Kadokawa Gempak Starz 角川平方
- Logo of Gempak Starz
- Parent company: Kadokawa Corporation
- Status: Active
- Founded: 1998
- Country of origin: Malaysia
- Headquarters location: Kuala Lumpur
- Publication types: Graphic novels, novels, magazines, manga, light novels
- Owner: Kadokawa Holdings Asia Ltd. (80%)
- Official website: gempakstarz.com

= Kadokawa Gempak Starz =

Comic company in Malaysia

Kadokawa Gempak Starz (角川平方 (Jiǎochuān píngfāng, Kadokawa Square)) (trading as Gempak Starz, formerly Malaysian Art Square Group (平方集团 (Píngfāng jítuán, Square Group))) is a Malaysian graphic novel, comics and manga publisher owned by Kadokawa Corporation. Originally established as Komik Lawak Atau Lawak Creation in 1971, the company previously produced Gempak, a magazine dedicated to showcasing local comic artists from Malaysia to wider audiences. Gempak has the distinction of being the first Malaysian info-comic magazine, offering news and articles about the ACG (Animation, Comics & Games) world in and outside of the country. Gempak magazine aims to encourage the local development of such industries, facilitating the global spread of Malaysian talent.

==History==
Gempak debuted on 1 June 1998, at a time when Malaysia was attempting to recover from the 1997 economic crisis. The economic crisis brought a hard impact on the Malaysian comic industry.

To gain a place in the Malaysian comic market, Art Square Creation incorporated the "info-comic" approach, which became the main formula of Gempaks success, and the new standard format for many Malaysian comics. It took 18 months for their success to take off without any help from other media advertisements. Starting as a monthly issue for the first three years, it has come to be published bi-monthly (since June 2001), with many demands that the magazine should go for weekly issue.

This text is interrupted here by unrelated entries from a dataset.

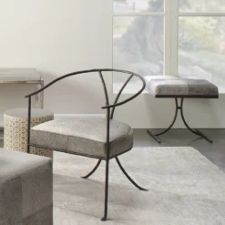The Kai collection features dynamically swooped hand-forged iron legs, with a delicacy unexpected from such a substantial material. The seating is topped with thick cushions of grey hair-on-hide, and the tables with strong tempered glass. Unexpectedly combining grace and strength, they make a striking addition an industrial, rustic, or eclectic home.
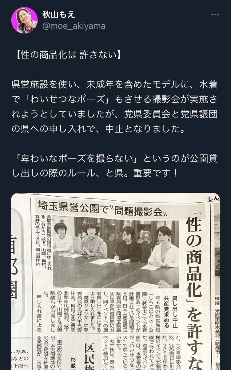 【前埼玉県議】共産党フェミニストが自白か「共産党の申し入れで、水着撮影会は中止となりました!」
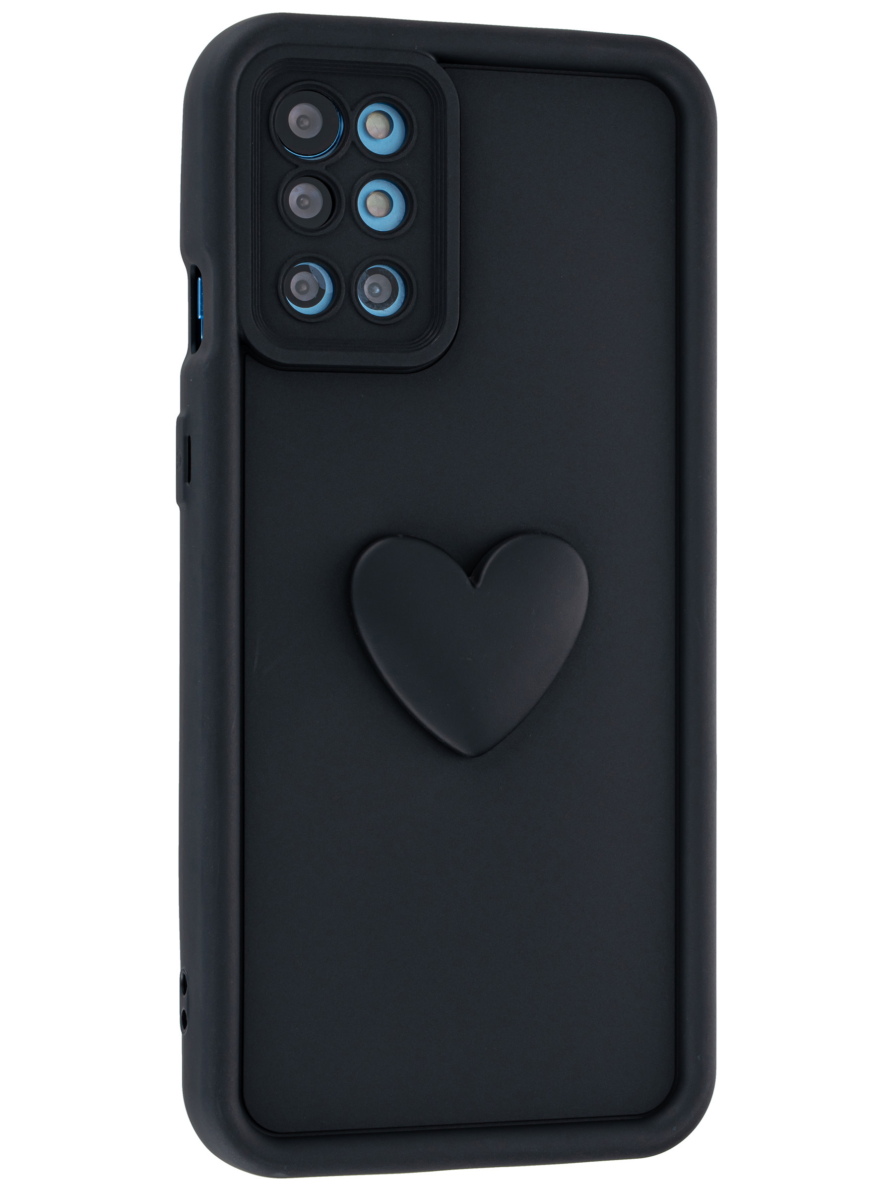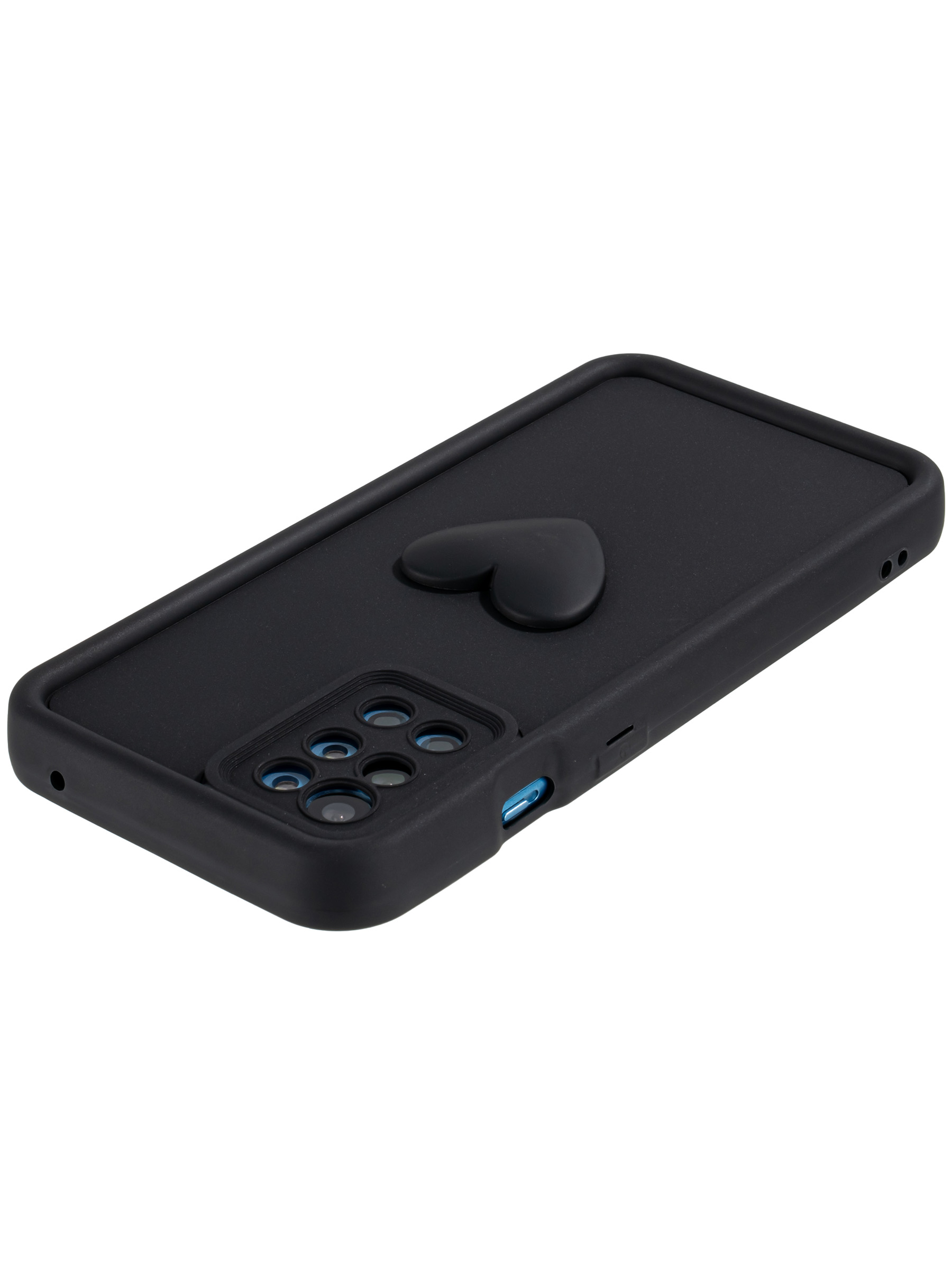 Силиконовый чехол с объемным сердцем от КейсБерри. Модуль камер максимально защищен. Все вырезы идеально подогнаны.
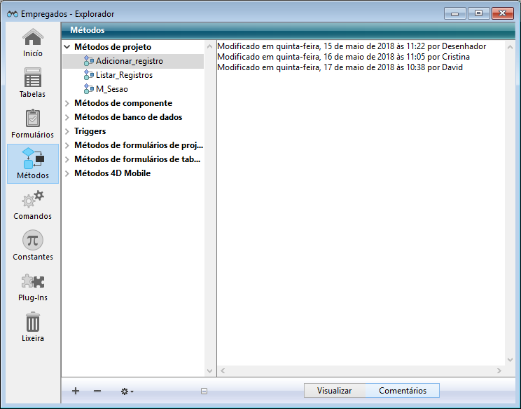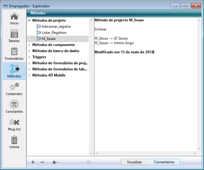 Adicionalmente, pode gerar comentários automáticos, ou seja, comentários cujo conteúdo é atualizado automaticamente por 4D quando um objeto é criado ou modificado.
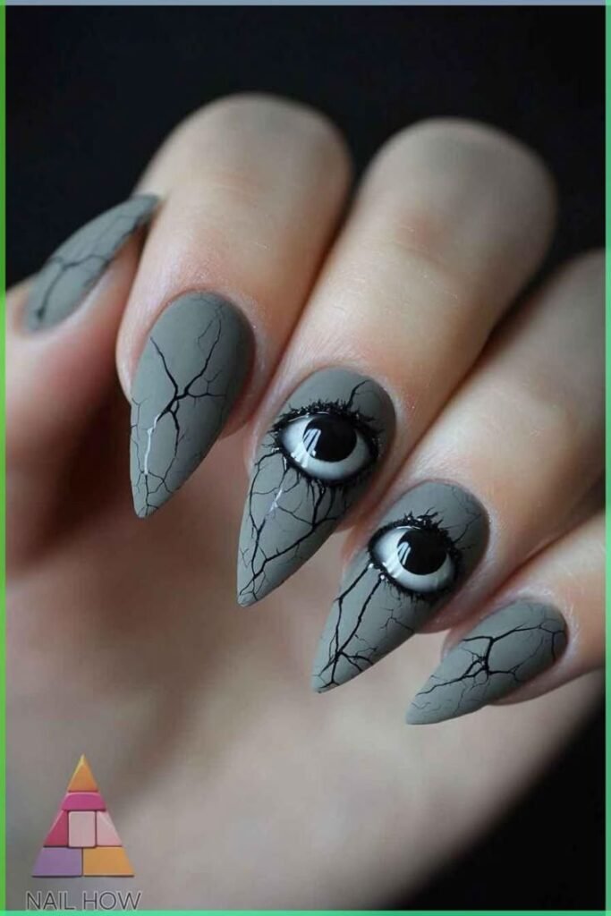 Start with a solid black, purple, or slime-green base. Then paint on little eyeballs—some wide, some sleepy, some looking sideways. Add a glossy topcoat to make them pop.
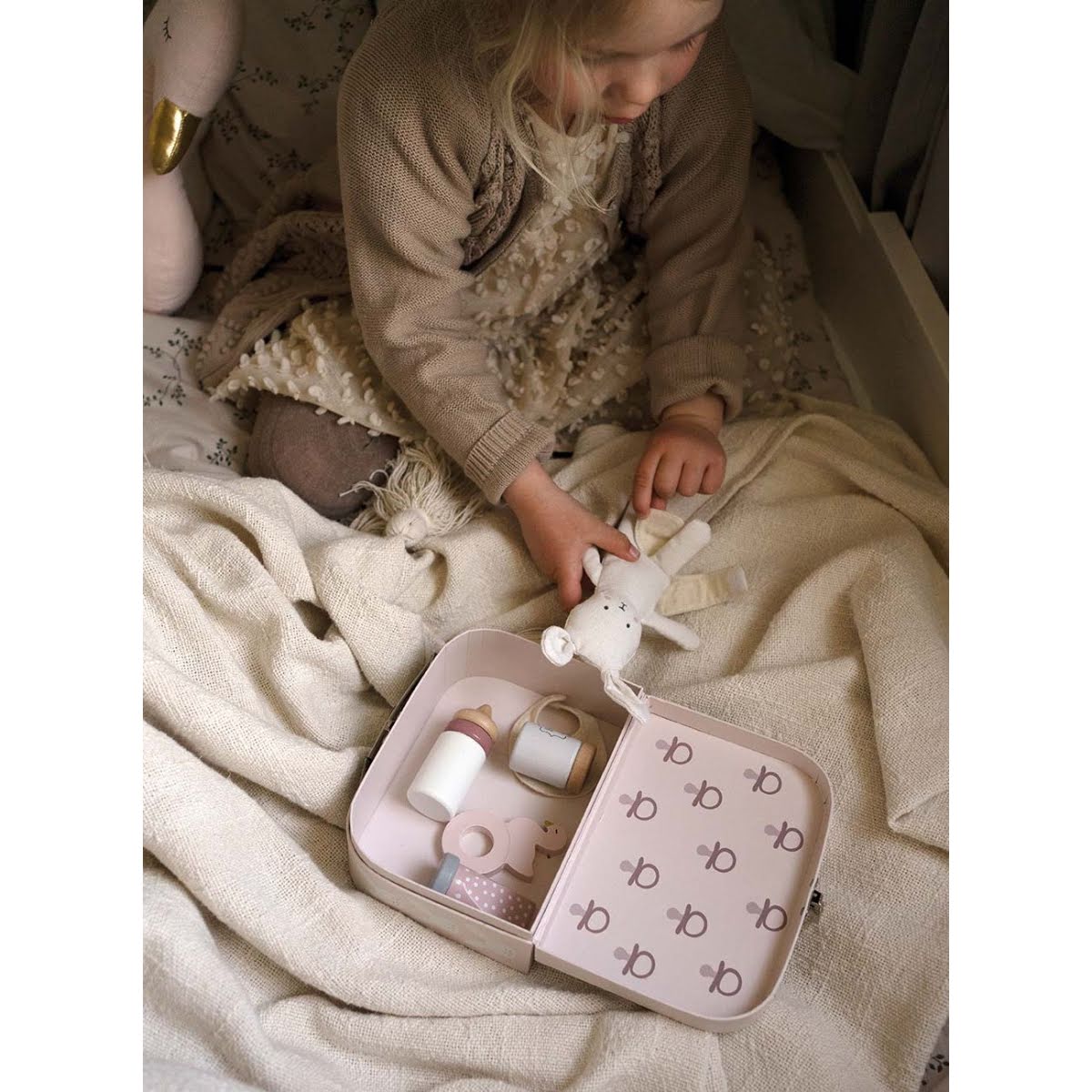 Supersöt kanin i en väska från svenska JaBaDaBaDo. Med denna söta kanin kommer ditt barn att få mycket glädje och lek. Setet innehåller:en kaninen haklapp med kardborrebanden blöja med kardborrebanden burk med babypuderen tub med salvaen nappen nappflaskaen skallra svanen väska i hårdpappMått: 19x13x7 cmMaterial: Hårdpapp. trä, bomull, metallDesigner: JaBaDaBaDo
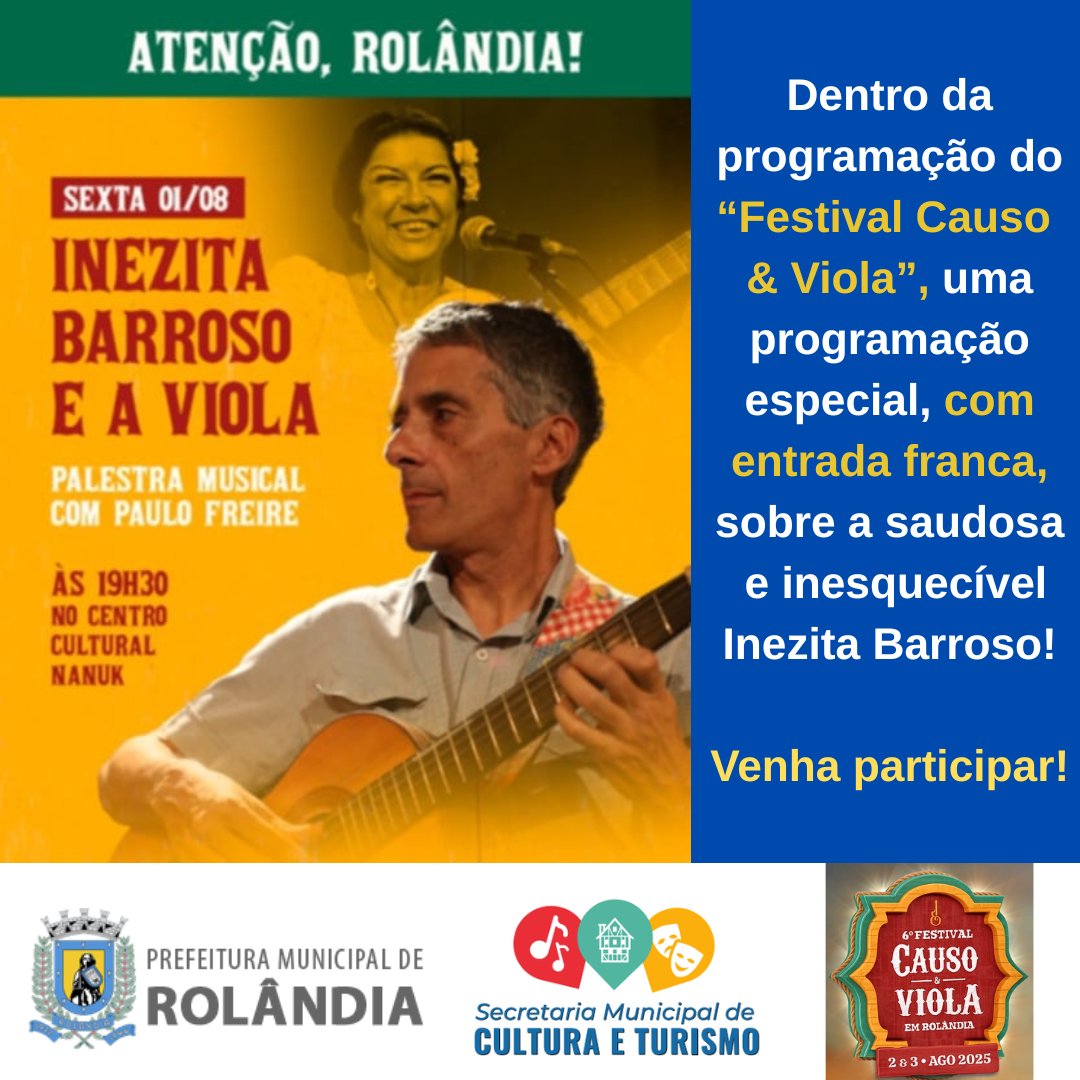 Festival Causo & Viola terá evento gratuito no Centro Cultural Nanuk, sobre Inezita Barroso   Entre os dias 31 de julho e 3 de agosto, violeiros e contadores de causos vão desfilar o talento em Rolândia, com o 6&o...
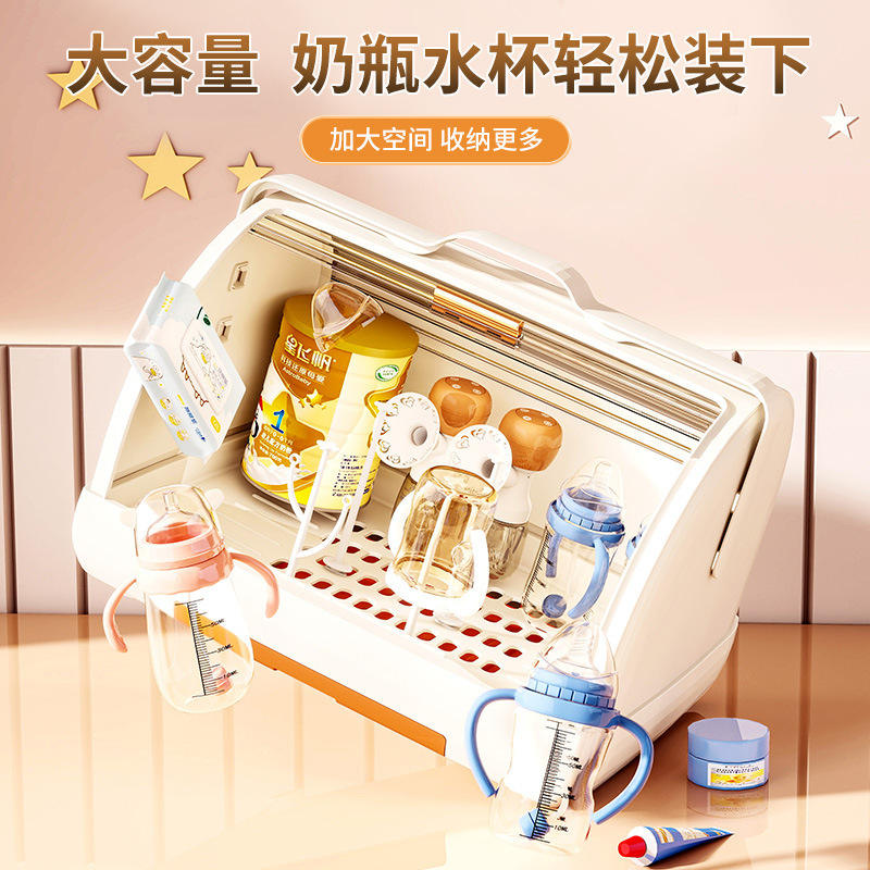 Caja de almacenamiento moderna para biberones, drenaje a prueba de polvo, Material PP, vajilla, estante de secado de alimentos suplementario, almacenamiento exclusivo de inyección
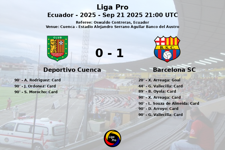 L’intensité du match s’est reflétée dans le nombre élevé d’avertissements, surtout dans les dernières minutes. Barcelona SC a accumulé six cartons jaunes, dont un pour X. Arreaga, le buteur, et un carton rouge pour G. Vallecilla à la 90e minute. Deportivo Cuenca, pour sa part, a reçu trois cartons jaunes. L’arbitre Oswaldo Contreras a passé une soirée chargée à essayer de garder le contrôle d’un match qui s’est enflammé dans les derniers instants.

Their concept of an info-comic magazine has become a trend followed by many recent comic magazines, including one of Malaysia's biggest publishers, Karangkraf Sdn. Bhd., who began releasing a new info-comic magazine titled Jom (later ceased publication). The success of Gempak also resulted in the success of its publisher, Art Square Creation Sdn. Bhd., who expanded to become Art Square Group with three subsidiaries: Art Square Creation Sdn. Bhd, Anjung Taipan Sdn. Bhd., and Gala Unggul Sdn. Bhd. All Art Square Group products are now labelled under their own brand "GEMPAK STARZ."

Gempak, under Art Square Creation, won the Persatuan Penerbit-Penerbit Majalah Malaysia (MPA) award under other category special Malay magazine ("majalah pengkhususan" (Bahasa Malaysia)) 2007.

In December 2015, Kadokawa Corporation through its Hong Kong subsidiary Kadokawa Holdings Asia Ltd (KHA), acquired an 80% stake in Malaysian Art Square Group (MSG).

===Kadokawa Gempak Starz era===
Following Kadokawa Corporation's acquisition, MSG was renamed to Kadokawa Gempak Starz in January 2016.

==Subsidiaries==
- SPARKS: An online store.
- Gempak Starz store: An online store.
- KADOKAWA GEMPAK STARZ SDN BHD: Malaysia division.
- KADOKAWA GEMPAK STARZ (S) PTE LTD: Singapore division.

==Gempak Starz products==
Besides magazines, Art Square Group publishes more than 200 products under the brand of GEMPAK STARZ. The products include graphic novels (including acquired foreign comics), T-shirts, caps, mugs, toys, posters, illustration books, stationery, and collection items.

===Publishing labels===
- Gempak Starz:
- Learn More (浩学堂 (Hào xué táng, Great/Grand School)): Educational comic series.
- Magic Bean (魔豆 (Mó dòu)): Pop literature series.
- Gempack 360°/CK 360°/Learn More 360°: Publisher's YouTube channels, features various comics and ACG-related content, including artist interviews and more.

===Komik Seram===
Komik Seram is the name for their horror comics. They are most popular and best-selling in the company, although, minimum comics are sometimes sold out because of popularity.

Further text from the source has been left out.